Remote work opening “Pandora’s box” of security threats

Imperva exec says organisations are more vulnerable to complex cybersecurity risks

Posted 18 March 2021 by Christine Horton

The shift to full-time remote work has opened something of a Pandora’s box of security threats.

That’s according to Chris Waynforth, AVP Northern Europe at web security company, Imperva.

Waynforth believes organisations, both large and small, now find themselves more vulnerable than ever before to complex cybersecurity risks.

“The network perimeter that once protected employees working at physical sites is disappearing,” he said. “Employees working from home now often forgo connecting to a VPN. Many organisations have not adapted their security controls for this ‘new normal’ of work and are still relying on traditional methods to protect data. That approach has created security gaps, and motivated cybercriminals are taking advantage of it.”

Waynforth shared research from Imperva Research Labs into data leakage attacks that shows incidents where data is transmitted from an organisations’ corporate network to an external destination without authorisation jumped 93 percent in 2020.

“This a threat that is not going to slow down any time soon.

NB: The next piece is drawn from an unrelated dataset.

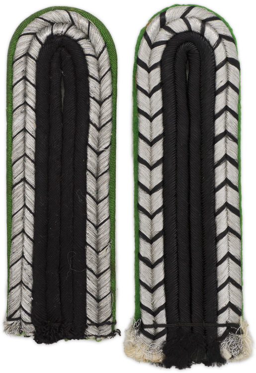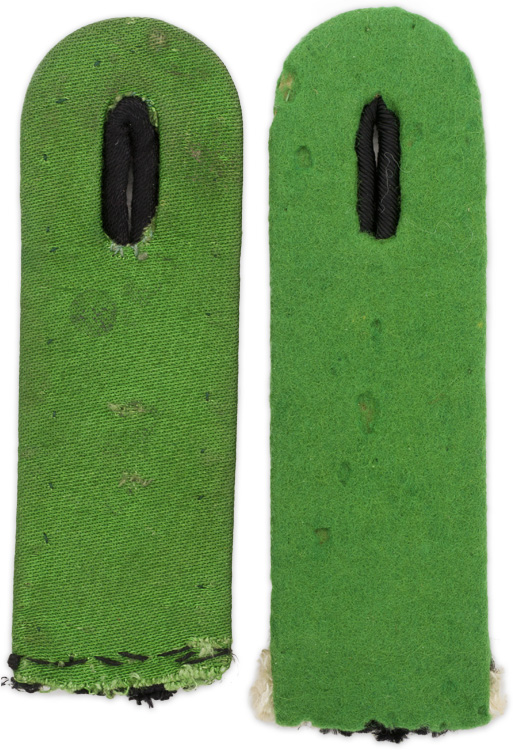 PHYSICAL DESCRIPTION: 1942 Pattern sew on examples. The shoulder boards feature dual, outer edge, matte silver/aluminum Russian braid with evenly spaced, interwoven black "V"s, encompassing dual, inner, black braids, mounted on a green wool truppenfarbe base. Rank of Unterscharführer. Slightly missmatched.

In the first few days and weeks of January 2021, Imperva monitored single-day peaks for data leakage attacks at higher rates than any one day in 2020.”

Cloud security

In 2020 the Cloud Industry Forum (CIF) said 55 percent of UK firms have increased their cloud adoption as a direct result of COVID. However, Waynforth points out that cloud is not secure-by-design.

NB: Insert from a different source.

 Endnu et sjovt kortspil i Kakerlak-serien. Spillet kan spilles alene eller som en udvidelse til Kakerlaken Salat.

“Cloud offers operational efficiencies but is not an impenetrable fortress,” he said. “Organisations fool themselves into thinking that it’s the cloud service providers’ responsibility to secure the data they store, but that logic is indefensible.

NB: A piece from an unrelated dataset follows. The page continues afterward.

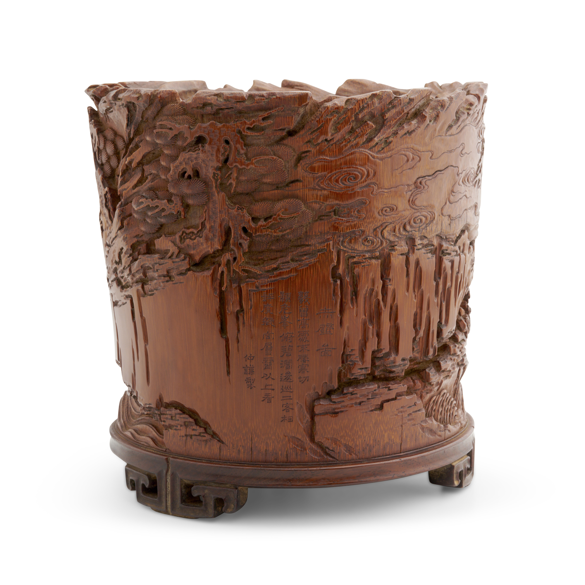 Of bamboo form with a rich brown patina, the sides deeply carved in high relief with Su Shi and his companions on a moonlit boat journey at the Red Cliff, surrounded by soaring cliffs, ancient pines and turbulent waves. The rocky face bears an inscription of a Qianlong imperial poem, with the signature Zhongqian zhi.

“Through 2025, it’s believed that at least 95 percent of cloud security failures will be the fault of the company using the cloud service. In part, this is because IT is migrating data and systems to the cloud without consulting the IT Security team. Vulnerabilities and misconfigurations of cloud environments will become a greater source of data breach risk for organisations as they accelerate their adoption of cloud technology.

“Moving too quickly without addressing critical security issues upfront will only put businesses more at risk. Ultimately, it doesn’t matter how much money you save migrating to the cloud if you’re compelled to pay a costly fine in the future.”